BRIEF DESCRIPTION OF THE DRAWING
The invention will be more fully understood from the following
detailed description, taken in connection with the accompanying
drawing, in which:
The FIGURE is a schematic representation of a steam turbine power
plant having a heat transfer arrangement associated therewith which
embodies the teachings of the invention.
DESCRIPTION OF THE PREFERRED EMBODIMENTS
Referring to the FIGURE, reference number 10 refers to a steam
turbine power plant having associated therewith a separate
closed-loop heat transfer cycle 12 adapted to extract heat from the
power plant 10 and apply the heat so extracted to a separate heat
load 13. The power plant 10 is a standard steam power generation
facility comprising, in series connection, a steam flow passing
from a steam generator element 16, a high pressure turbine element
18, low pressure turbine elements 20, and a condenser 22. Each of
the turbine elements are mechanically linked on a common shaft 24
and connected to an electrical generator element 26. The turbines
convert high temperature and high pressure energy of the motive
steam to rotational energy of the shaft 24, which is in turn
converted, by the generator 26, to electrical energy for a related
electrical load 28.
In plants such as this, the steam generator element 16 normally
converts feed water to steam by applying thereto heat taken from a
nuclear fuel reactor element 29. However, it is to be understood
that although the plant 10 to be described herein is a nuclear
power plant, the teachings of this invention apply equally well for
both nuclear and fossil fuel applications.
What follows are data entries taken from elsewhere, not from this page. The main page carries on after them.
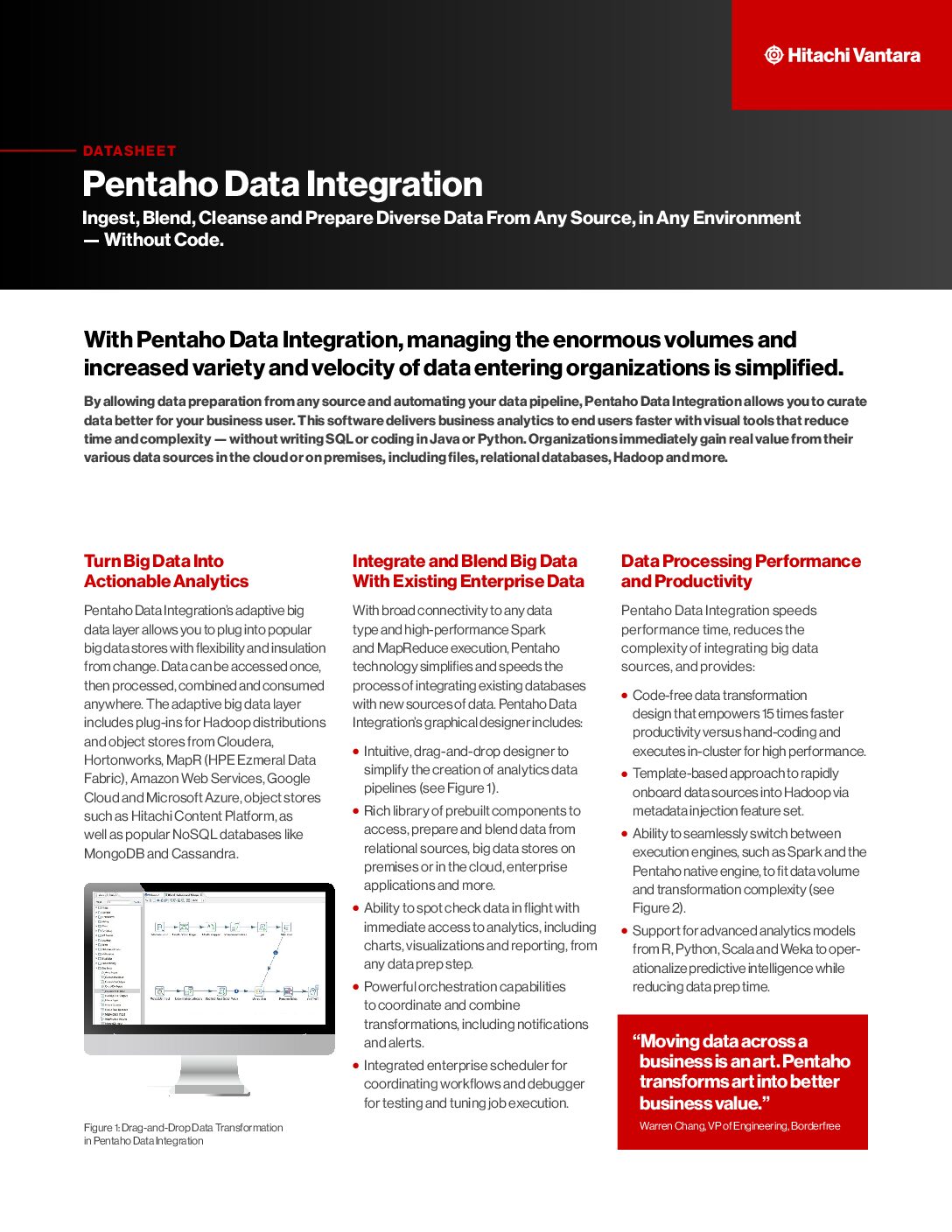 With Pentaho Data Integration, managing the enormous volumes and increased variety and velocity of data entering organizations is simplified.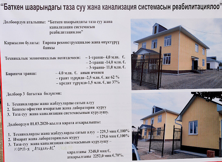 Долбоорду ишке ашыруунун алкагында Баткен шаарында «Таза суу» муниципалдык ишканасынын жаңы имараты курулуп, керектүү техникалар менен жабдуулар алынган, жаңы канализациялык тутумдардын курулушу аяктоо алдында турат.
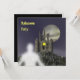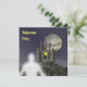 Este convite para festas de Halloween apresenta um fantasma e uma casa assombrada. Personalize este design com seu próprio texto.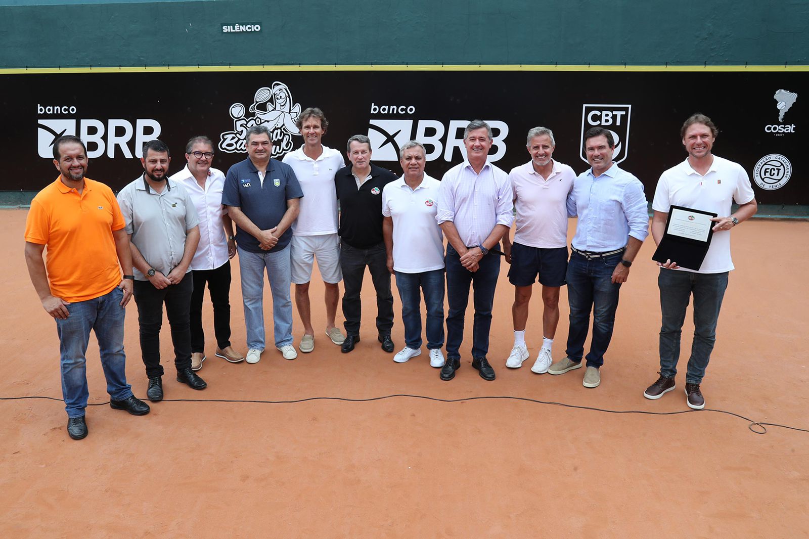 Após as falas, o presidente do Mampituba, Larciney Fabris, entregou uma placa homenageando e agradecendo o presidente da CBT e da Cosat, Rafael Westupp, pela realização do evento nas 14 quadras de tênis do clube.

High pressure, high temperature motive steam is conducted from the
steam generator element 16, through a series of stop valves
indicated at numeral 30 and an array of flow control valves
indicated at 32, and into the inlet of the high pressure turbine
18, this steam flow being illustrated by reference arrows 34.
Although the high pressure turbine element 18 is illustrated as
being a double flow apparatus, it is of course, understood, that
any suitable high pressure turbine element may be utilized.
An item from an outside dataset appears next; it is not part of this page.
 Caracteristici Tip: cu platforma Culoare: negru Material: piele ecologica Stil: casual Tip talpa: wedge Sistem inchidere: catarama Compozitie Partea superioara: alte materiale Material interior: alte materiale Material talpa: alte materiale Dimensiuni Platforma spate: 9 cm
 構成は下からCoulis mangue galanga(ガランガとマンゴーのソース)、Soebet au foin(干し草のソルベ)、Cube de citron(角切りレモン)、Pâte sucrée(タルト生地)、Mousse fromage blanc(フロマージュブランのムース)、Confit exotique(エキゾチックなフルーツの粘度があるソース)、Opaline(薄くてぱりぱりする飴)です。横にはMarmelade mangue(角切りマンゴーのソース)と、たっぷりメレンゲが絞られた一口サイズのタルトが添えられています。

Similarly, although there is shown a bank of three, double-flow low
pressure turbine elements 20, it is also to be understood that any
suitable number of low pressure elements of any suitable type,
depending upon the electrical power system parameters, may be used.
The point worthy of note is that whatever the number and type of
turbine elements chosen, the elements so chosen are standard units
adapted to convert steam energy to rotational mechanical energy.
There is required little alteration to any of the turbine elements
chosen in order to practice the teachings of this invention and
supply heat to the separate, closed-loop heat cycle 12.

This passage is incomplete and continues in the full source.